- Exercise instructions:
Would you repeat the data below exactly, taking out the images?

- Exercise data:
/---

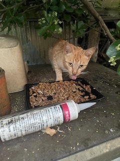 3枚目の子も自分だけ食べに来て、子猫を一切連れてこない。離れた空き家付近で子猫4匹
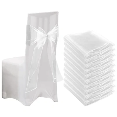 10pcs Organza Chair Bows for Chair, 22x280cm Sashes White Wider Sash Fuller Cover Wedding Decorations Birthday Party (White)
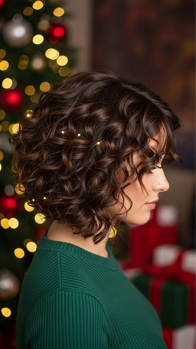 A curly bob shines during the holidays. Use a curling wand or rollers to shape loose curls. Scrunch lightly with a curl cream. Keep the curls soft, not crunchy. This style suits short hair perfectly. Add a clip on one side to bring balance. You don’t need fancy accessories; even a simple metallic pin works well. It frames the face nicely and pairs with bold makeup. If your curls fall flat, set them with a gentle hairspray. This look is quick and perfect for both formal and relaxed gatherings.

\---

- Solution:
 3枚目の子も自分だけ食べに来て、子猫を一切連れてこない。離れた空き家付近で子猫4匹
 10pcs Organza Chair Bows for Chair, 22x280cm Sashes White Wider Sash Fuller Cover Wedding Decorations Birthday Party (White)
 A curly bob shines during the holidays. Use a curling wand or rollers to shape loose curls. Scrunch lightly with a curl cream. Keep the curls soft, not crunchy. This style suits short hair perfectly. Add a clip on one side to bring balance. You don’t need fancy accessories; even a simple metallic pin works well. It frames the face nicely and pairs with bold makeup. If your curls fall flat, set them with a gentle hairspray. This look is quick and perfect for both formal and relaxed gatherings.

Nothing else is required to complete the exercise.